Hilfe wäre sehr schön  Vielleicht wisst ihr mehr, ich bin erst mal am Ende.


----------



## Gast XXXX (17. Januar 2011)

*AW: Anno 1701: nicht so, wie es sein sollte O___o*

So in Ordnung war es nicht ohne Patches. 

Wenn du die noch nicht installiert hast mach das mal!


----------



## Ahab (18. Januar 2011)

Wird weitergereicht, vielen Dank.


----------



## Herbboy (18. Januar 2011)

1GB RAM ist aber echt schon arg wenig ^^


----------



## Gast XXXX (18. Januar 2011)

Minimale Anforderungen sind 512 MB und max 1 GB, also alles im Limit!


----------



## Ahab (18. Januar 2011)

Nein Moment, ich vergaß - es waren 2GB RAM. 

Update: Anno gepatcht -> negativ


----------



## Crushtank (4. Februar 2011)

Anno 1701, war das erste Anno, was auch im Auslieferungszustand perfekt lief.
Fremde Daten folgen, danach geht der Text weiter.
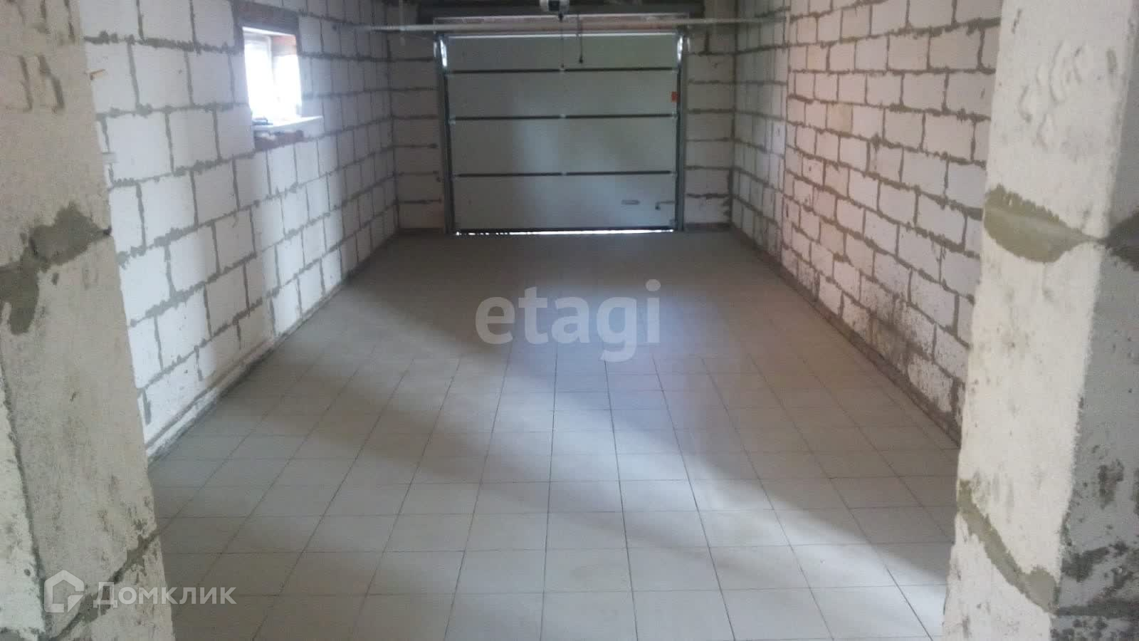 В доме теплый гараж на 2 машины с автоматическими воротами. На полу выложена плитка, стены оштукатурены под покраску.
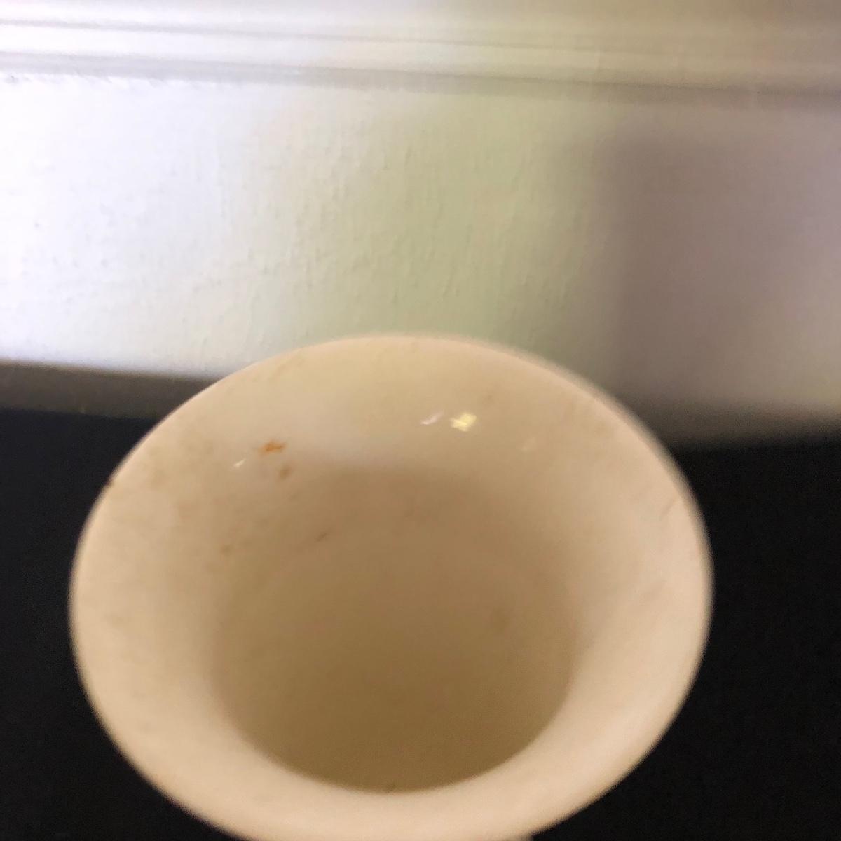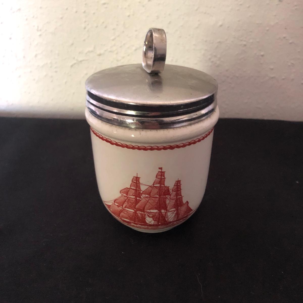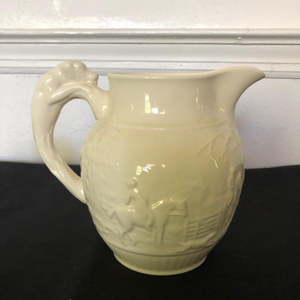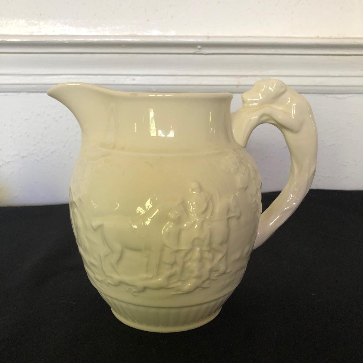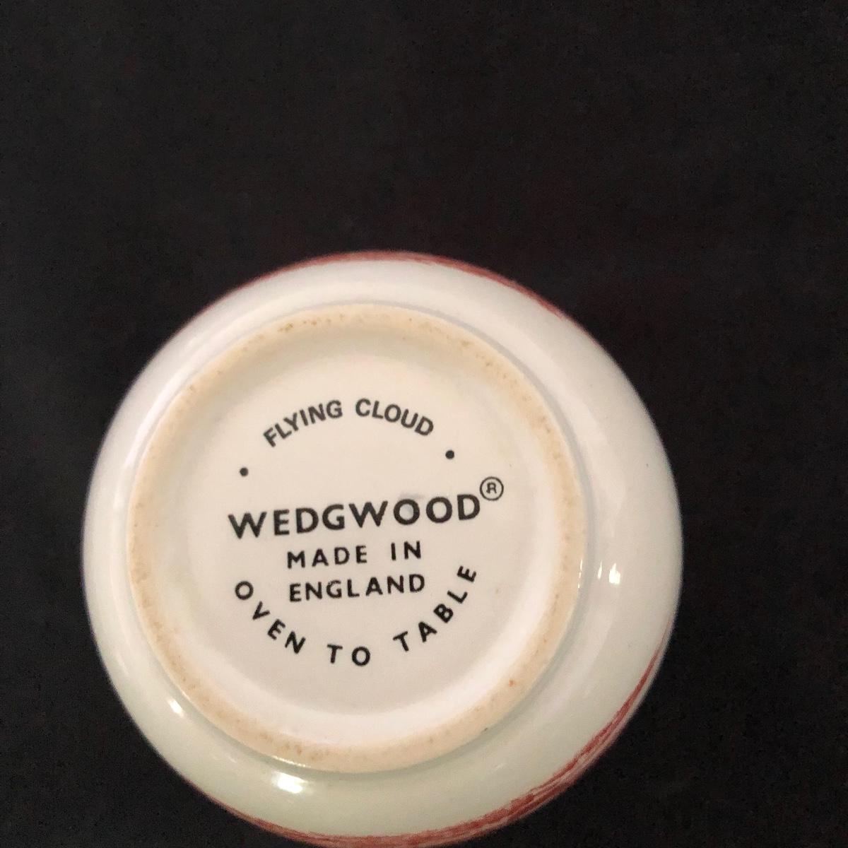 Lot includes trio of Wedgwood featuring a vase, pitcher and a egg coddler. Vase has chip on rim, see pictures. Vase measures 3.75”D x 6.5”.
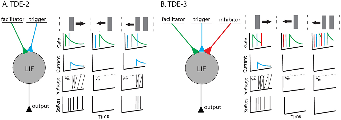 Figure 1. TDE-2 and TDE-3. (A) Left-to-right tuned 2-point TDE. It has two compartments: the facilitator and the trigger. When a stimulus moves to the right the trigger is activated after the facilitator and the neuron fires. However, in the gain, there is residual activity. Thus, when multiple textures move left (or orthogonally) the detector loses direction-selectivity (B). Left-to-right tuned 3-point TDE. It has three compartments. Input to the inhibitor resets the gain to zero and removes residual activity. Therefore, direction-selectivity is retained.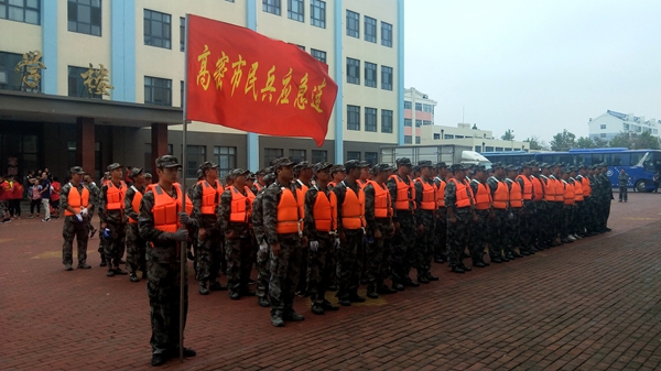 8月12日晚,接到高密市人武部通知后,孚日民兵迅速?gòu)乃拿姘朔郊Y(jié)。受臺(tái)風(fēng)警報(bào)影響,他們中的許多人都已經(jīng)在公司值了三天兩夜的班,還沒(méi)有來(lái)得及回家吃頓安穩(wěn)飯。
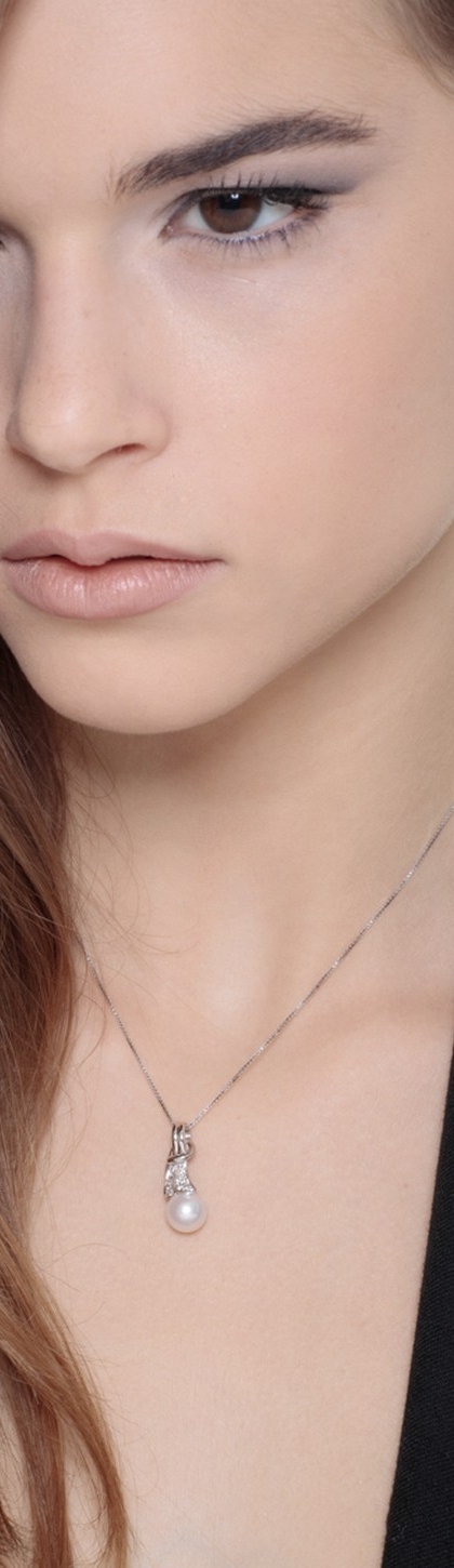 Collana in oro bianco 18k con diamanti a fiocco e perla naturale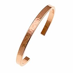 - Rich color and an earthy texture combine to make pure perfection in the look of the John S Brana Hammered Copper Cuff Bracelet. This beautifully crafted bangle bracelet has a very chic silhouette because of its thin design. At just 1/4 inch in width, the piece is perfect for layering without your jewelry appearing clunky or overdone. As chic on its own as it is when worn in groups or with other coordinating pieces, the bracelet goes from day to night with ease to complement everything in your wardrobe.Handmade in the USA, the John S Brana Hammered Copper Cuff Bracelet is genuine copper that has been formed into a perfect circumference to fit a variety of wrist sizes. The bracelet has an intricate texture produced by hammering for a look that is on the pulse of today's biggest fashion trends. Made out of 100 percent copper that is left in its natural, uncoated state, its rosy color can be restored at any point with Ketchup or any Copper Cleaner or allowed to patina for a more natural organic look. It also makes a great 7th Wedding Anniversary present! Available in the following sizes (opening is included in the circumference): 8 1/2 inch circumference with 1 1/2 inch opening; 8 inch circumference with 1 1/4 inch opening; 7 1/2 inch circumference with 1 inch opening; 7 inch circumference with 1 inch opening; 6 1/2 inch circumference with 1 inch opening. Made from genuine copper for the look of rose gold at a reasonable price Highly polished and finished Includes a designer branded gift box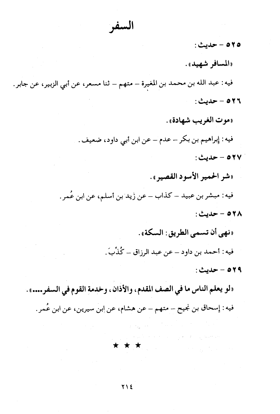 525 - حَدِيث: " الْمُسَافِر شَهِيد ". فِيهِ: عبد الله بن مُحَمَّد بن الْمُغيرَة - مُتَّهم - ثَنَا مسعر، عَن أ [ي الزبير، عَن جَابر.
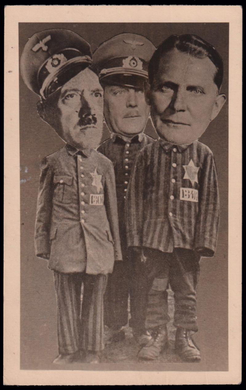 PROPAGANDA ANTINAZISTA. Cartolina monocroma Hitler, Goering, Goebelsin tenuta di Campo di concentramento, nuova con scritte al retro. Rara. Ex Collezione Egidio Errani. (Image)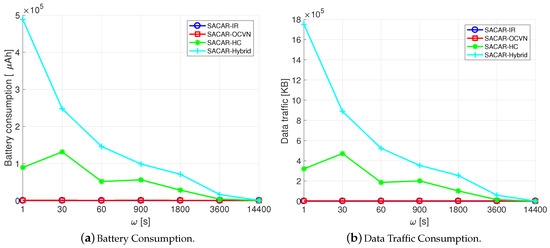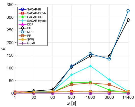 The second metric we aimed to analyze is the overhead ratio, , which is reported in Figure 9 as a function of . From the figure, we can extract that, apart from the solutions that do not consider the possibility of relaying messages (SACAR-IR and DDR) where no overhead was experienced (), SACAR-OCVN, SWR, and GSaR presented a similar flat trend with low values of independently of the value of . This means that a very small gap between the number of relayed messages with respect to the number of delivered ones was obtained. Therefore, nodes’ resources such as buffer occupation and energy consumption due to forwarding actions were not highly impacted because of the use of these algorithms. Instead, a clear increase in the value of with respect to was experienced when using MPR and ER. The spreading logic behind these solutions, where several copies of the message are created under different circumstances, severely impacted the network performance in terms of overhead ratio.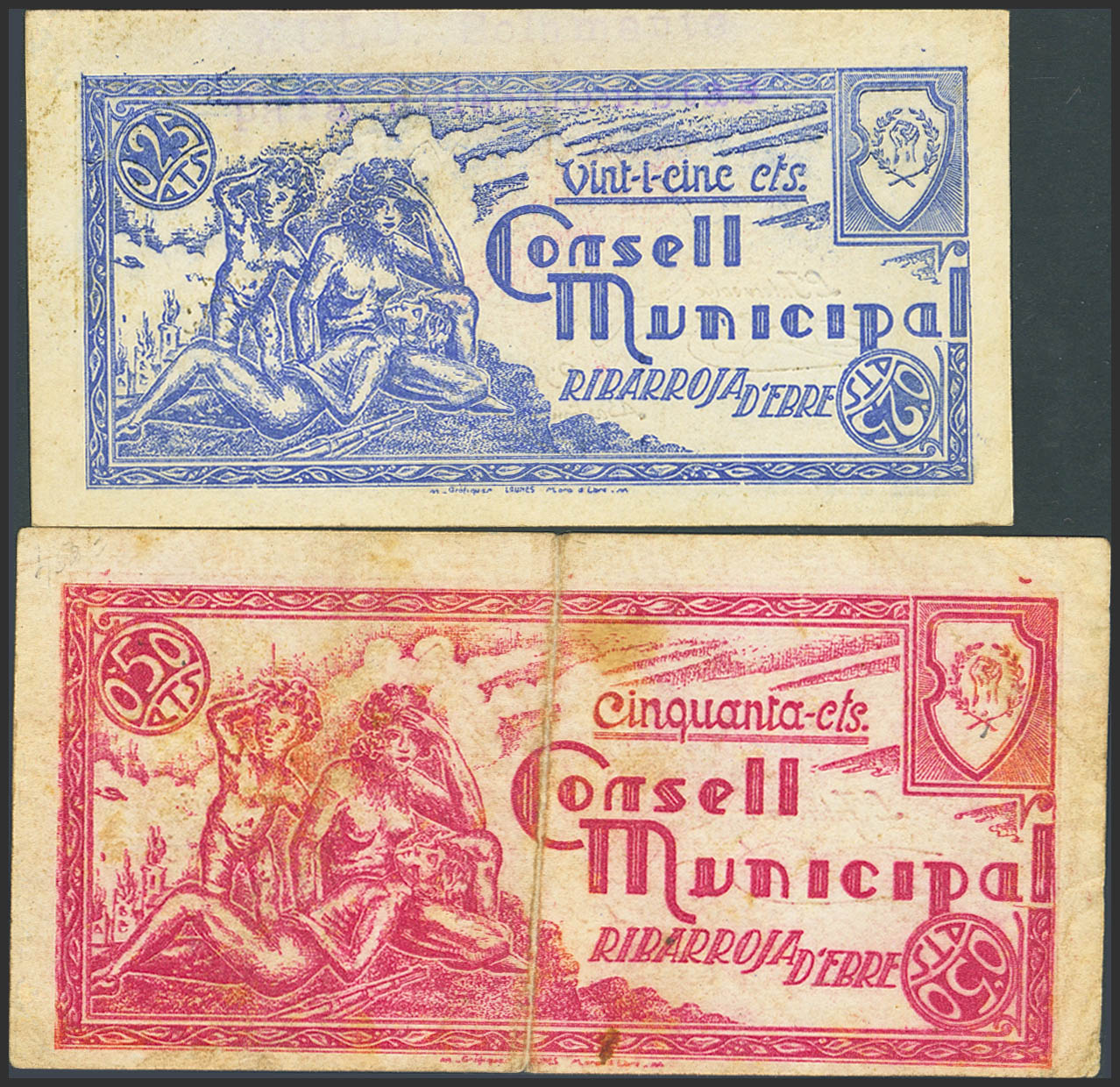 RIBARROJA DE EBRE (TARRAGONA). 25 Céntimos y 50 Céntimos. (1937ca). (González: 9606, 9607). Inusuales. MBC-.
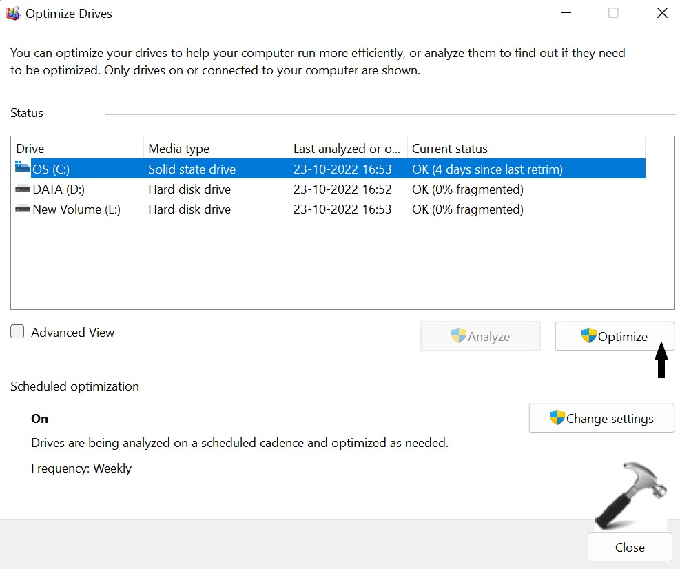 2. Şimdi, açığa çıkarmak istediğiniz sürücüyü seçin ve tıklayın.Düğmesini optimize etÇıkarmak için.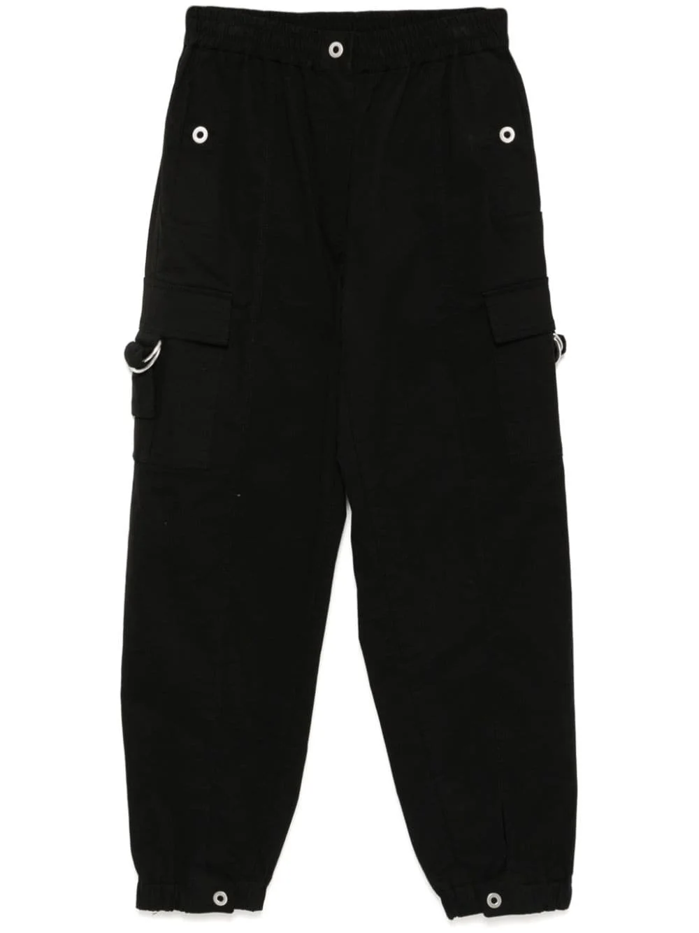 tapered leg trousers Highlights - Black - Front button and zip fastening - Elasticated waistband with internal drawstring - Two side button-fastening pockets - Two side flap pockets - Silver-tone hardware - Rear button-fastening pocket - Zip detail - Decorative button detailing - Tapered leg - Elasticated hem Imported Composition Body: Cotton 98%, Elastane 2%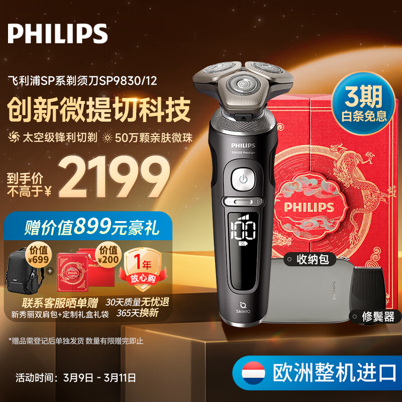 飞利浦(PHILIPS)男士电动剃须刀蜂巢奢享SP9系SkinIQ科技【整机荷兰进口】【生日礼物 龙年定制礼盒送男友老公】价格:2099.00元!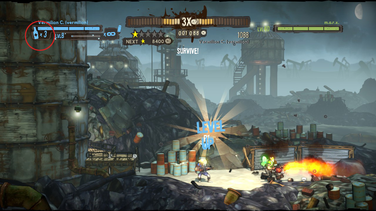 線上模式中的戰利品數量會根據玩家的表現而分攤,貢獻較多的玩家可以分到較多的齒輪。不用擔心齒輪會因為分攤而變少,由於線上模式的過關速度很快,而且複數玩家的連段也比單人模式來的容易,因此線上模式的齒輪進帳效率一定比單人模式來的快。這種設定直接鼓勵玩家多接觸線上模式,相當聰明的做法。遊戲提供了線上排行榜的設定,玩家可以看看自己在世界的舞台上有多少斤兩,或是和好友比較彼此的表現。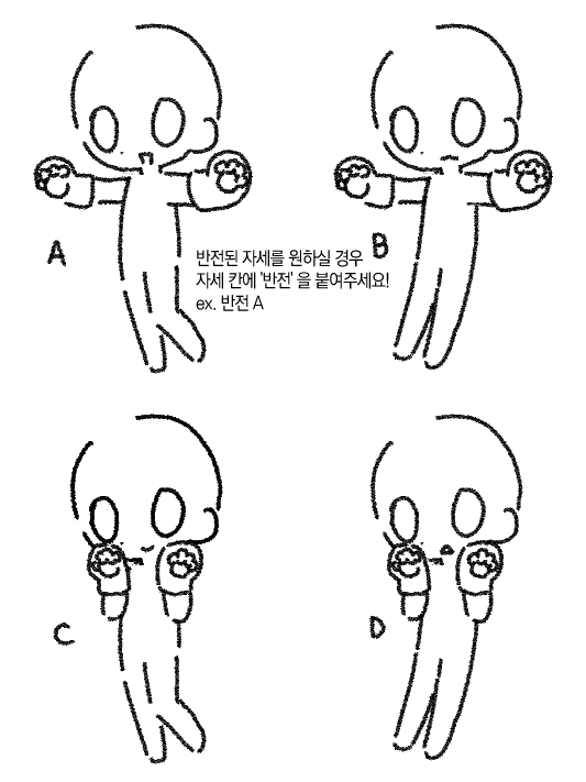 ex. 자세, 방향▶ A캐릭터: D 왼쪽 / B캐릭터: 반전A 오른쪽에 배치해서 서로 등지게 해주세요.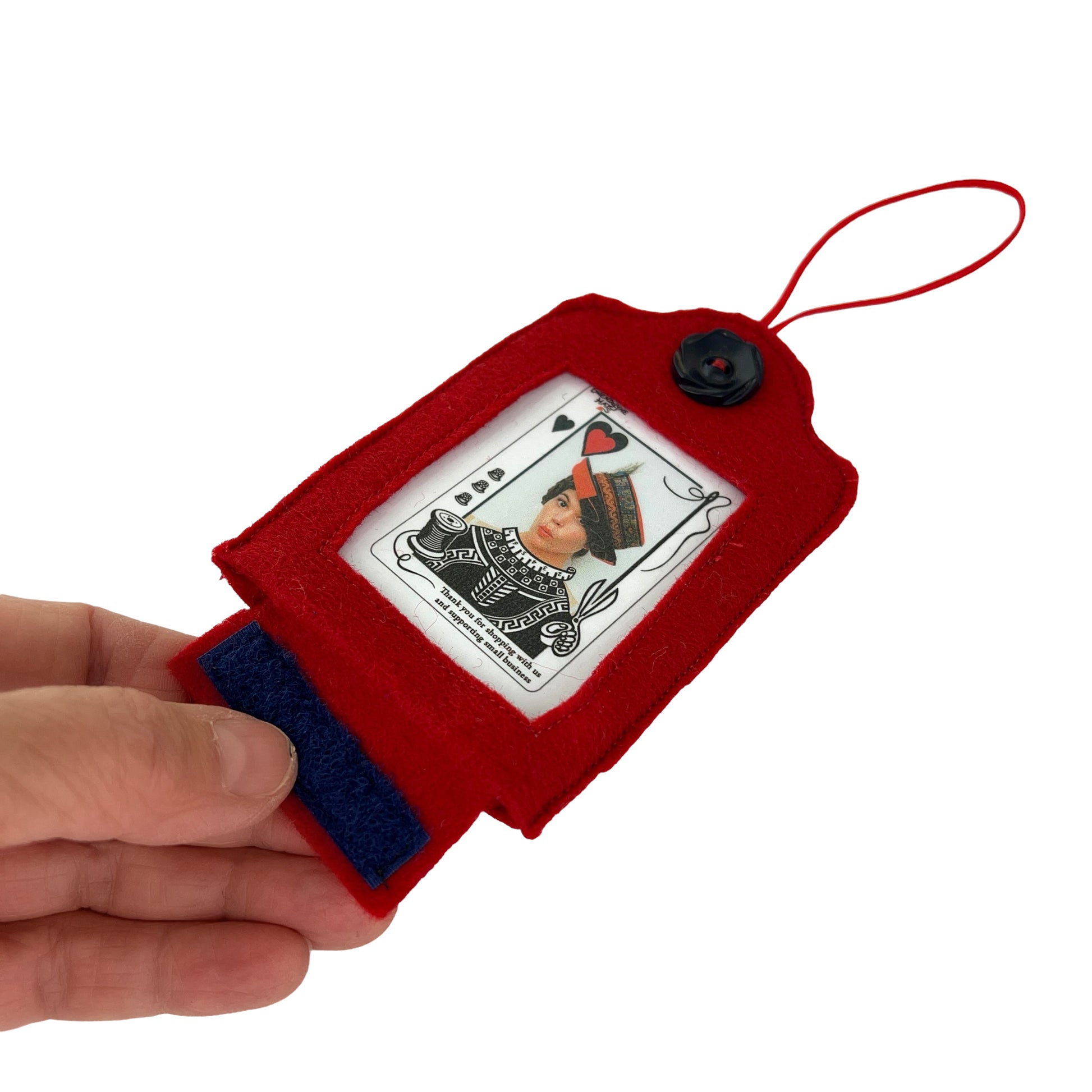 This red felt frame is made from a sturdy 100% wool felt that is sewn and decorated with a vintage black plastic button from the 1950s. The laminated card of the antique button is the template (2  7/16" wide by 3  10/16") for you to use for trimming the photo is so wish to insert inside. The bottom openings have a Velcro closure to open and close.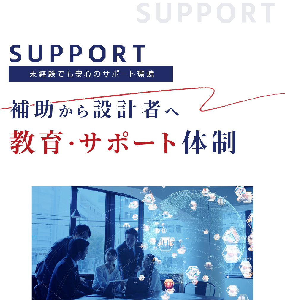 大手メーカーの開発チームの中核メンバーとして、研修・実務経験・キャリア支援のすべてを受けながら成長できます。

Dafür habe ich aber auch einen entsprechenden Rechner, der die Anforderungen bei weitem übertrifft.


----------



## Ahab (4. Februar 2011)

Angesichts der Mindestanforderungen dieses Spiels ist das auch bei meinem Cousin der Fall. Das Problem muss also woanders liegen.


----------